▸ WORK ITEM
Look through the listing below for the line with "やわらかな雰囲気を演出するノ" and the line with "ボリュームのあるシルエットと多彩なギミックが特徴のユニセックスカーゴパンツ。". Copy both, along with every line between them, exactly and with no pictures.

▸ SUPPLIED MATERIAL
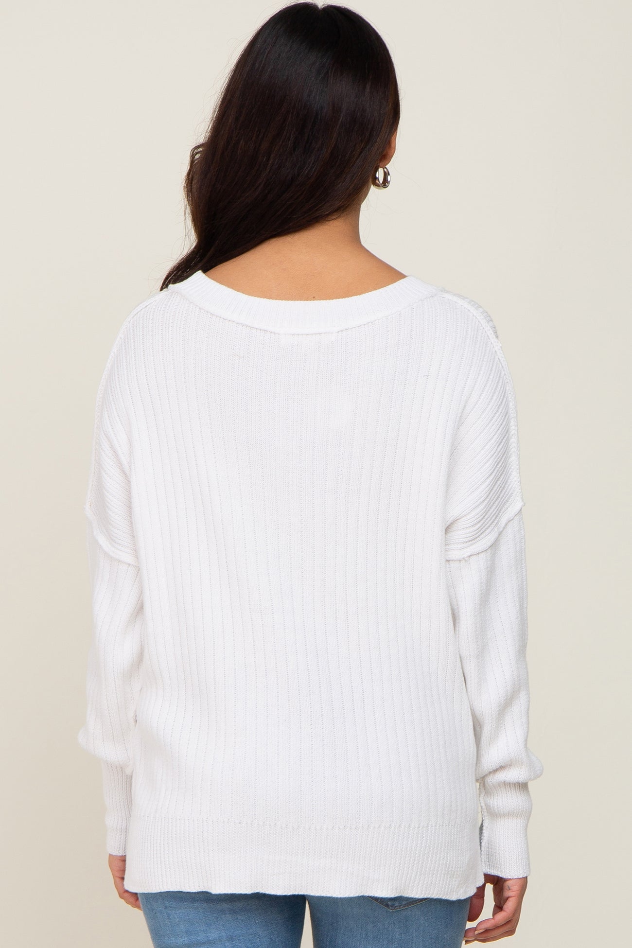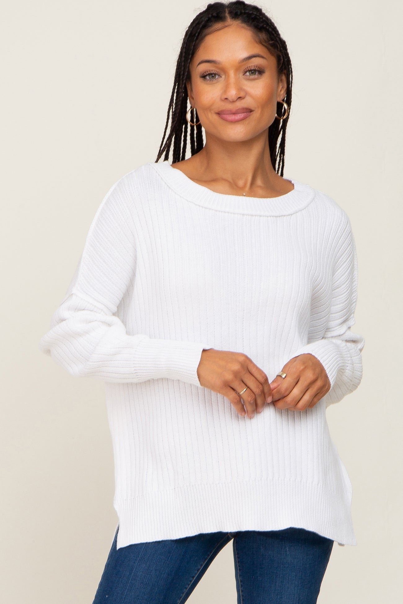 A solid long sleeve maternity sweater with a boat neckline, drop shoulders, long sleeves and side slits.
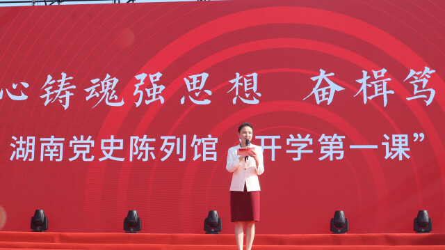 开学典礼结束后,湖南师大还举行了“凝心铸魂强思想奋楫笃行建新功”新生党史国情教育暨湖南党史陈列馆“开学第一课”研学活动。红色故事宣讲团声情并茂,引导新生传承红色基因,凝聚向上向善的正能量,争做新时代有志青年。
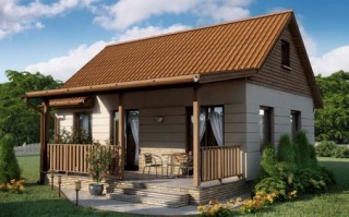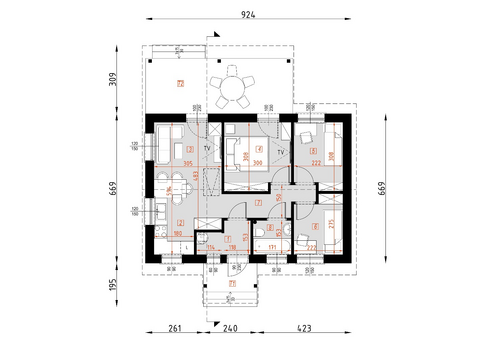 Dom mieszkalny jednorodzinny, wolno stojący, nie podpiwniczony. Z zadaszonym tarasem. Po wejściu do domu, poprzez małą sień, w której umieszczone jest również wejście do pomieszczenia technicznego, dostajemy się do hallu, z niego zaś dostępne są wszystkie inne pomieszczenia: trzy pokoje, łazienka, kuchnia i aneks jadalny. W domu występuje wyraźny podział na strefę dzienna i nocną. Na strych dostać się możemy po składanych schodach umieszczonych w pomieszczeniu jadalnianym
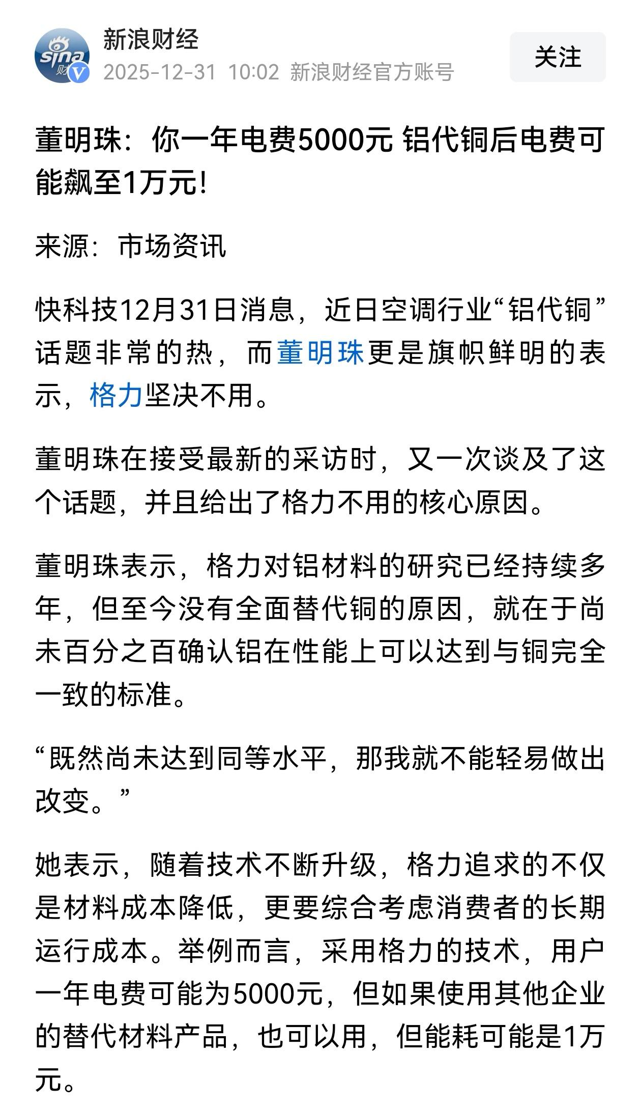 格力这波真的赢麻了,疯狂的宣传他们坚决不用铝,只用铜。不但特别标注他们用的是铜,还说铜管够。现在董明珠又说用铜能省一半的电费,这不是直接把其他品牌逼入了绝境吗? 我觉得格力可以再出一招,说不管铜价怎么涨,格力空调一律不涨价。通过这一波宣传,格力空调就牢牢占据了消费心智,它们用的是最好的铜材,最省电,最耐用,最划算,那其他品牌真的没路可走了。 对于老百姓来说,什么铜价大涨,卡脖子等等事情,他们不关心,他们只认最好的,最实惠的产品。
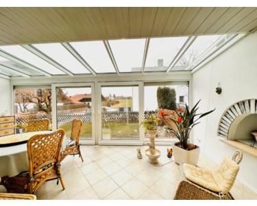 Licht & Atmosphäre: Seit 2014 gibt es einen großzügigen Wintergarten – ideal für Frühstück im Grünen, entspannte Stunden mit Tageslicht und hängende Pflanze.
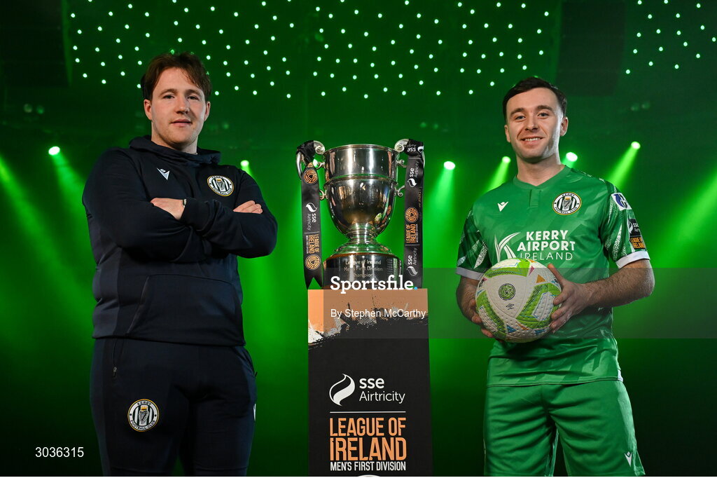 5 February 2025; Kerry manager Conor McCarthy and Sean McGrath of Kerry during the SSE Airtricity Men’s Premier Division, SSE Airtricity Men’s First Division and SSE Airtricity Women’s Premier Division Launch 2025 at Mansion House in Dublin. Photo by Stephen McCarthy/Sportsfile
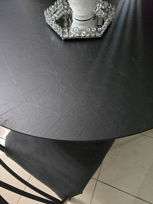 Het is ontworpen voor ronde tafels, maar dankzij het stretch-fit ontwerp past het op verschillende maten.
...
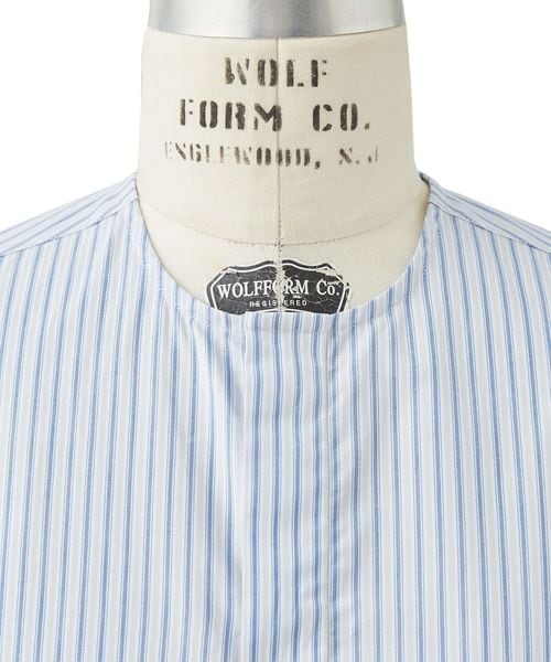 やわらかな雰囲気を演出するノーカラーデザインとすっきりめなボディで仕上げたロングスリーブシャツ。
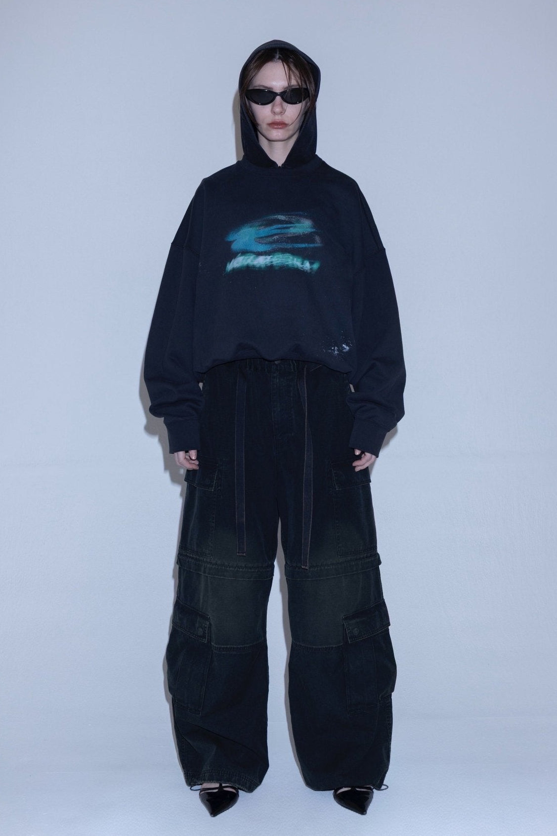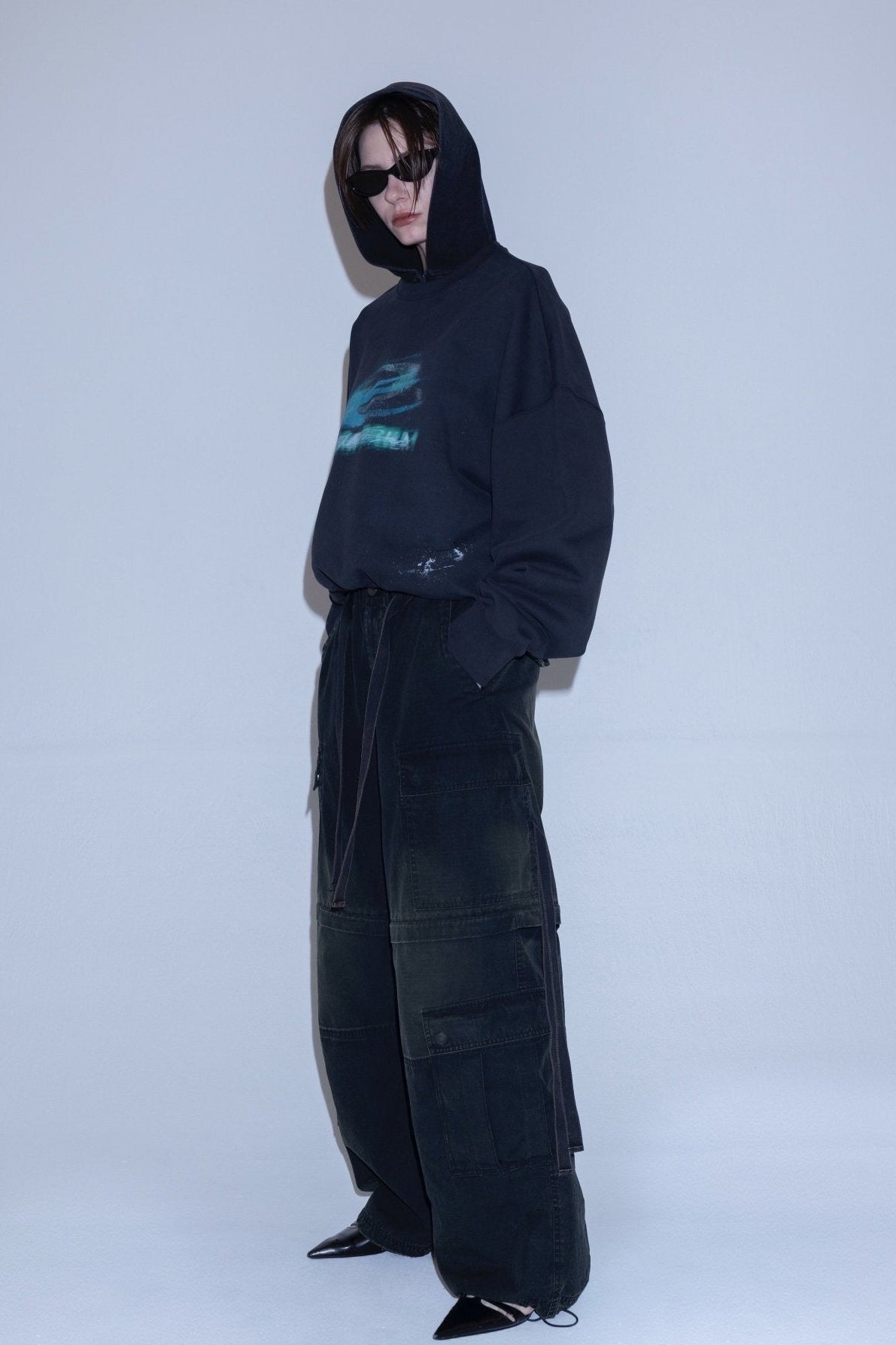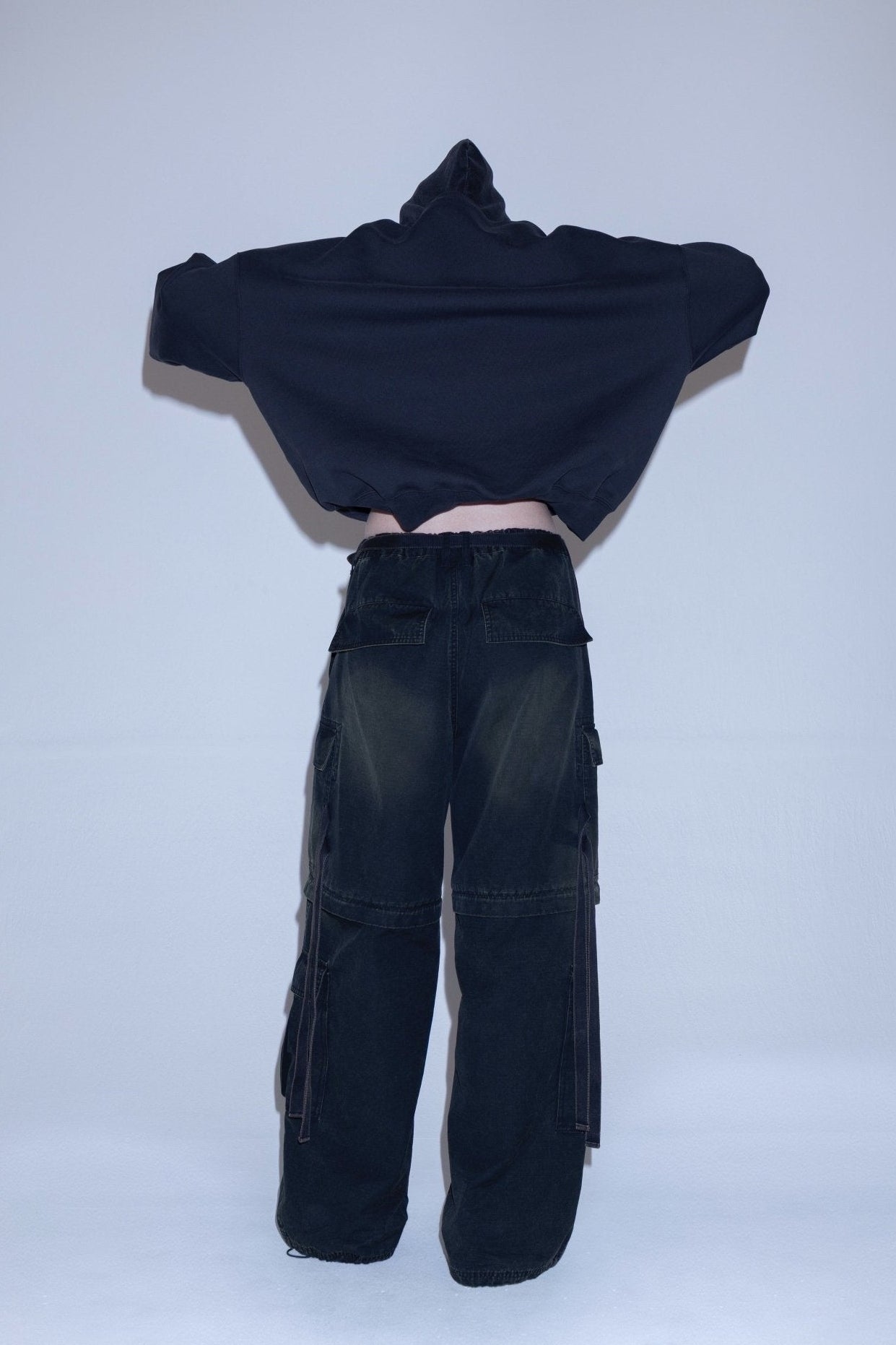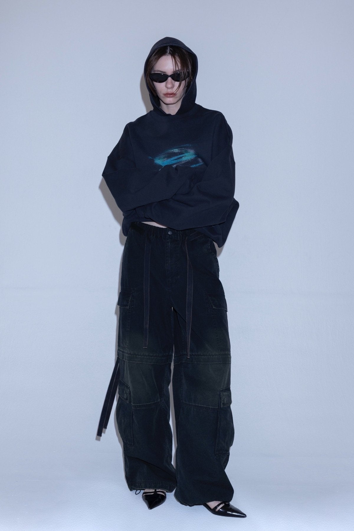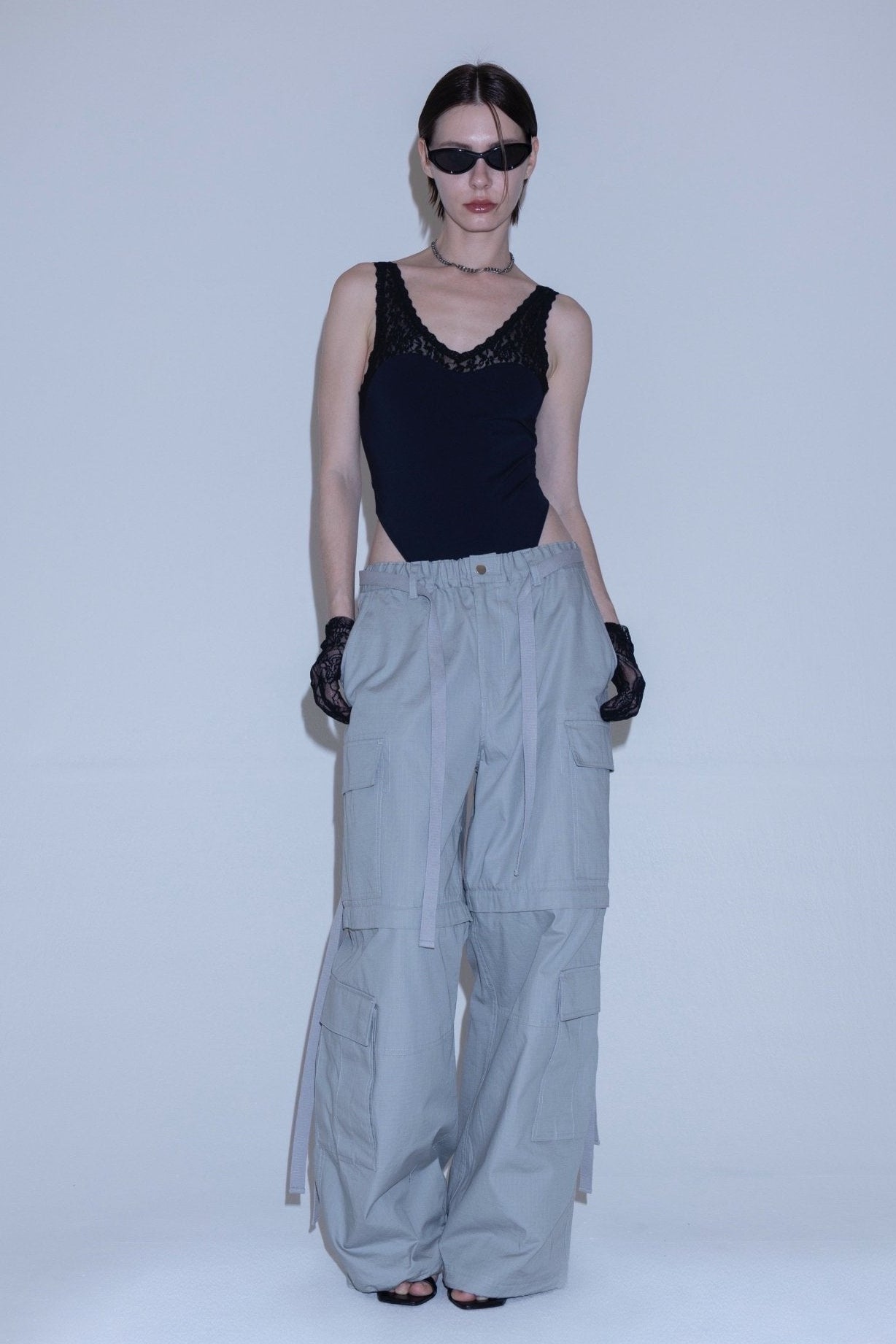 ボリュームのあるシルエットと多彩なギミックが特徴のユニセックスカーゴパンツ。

▸ OUTPUT OF THE EXERCISE
 やわらかな雰囲気を演出するノーカラーデザインとすっきりめなボディで仕上げたロングスリーブシャツ。
 ボリュームのあるシルエットと多彩なギミックが特徴のユニセックスカーゴパンツ。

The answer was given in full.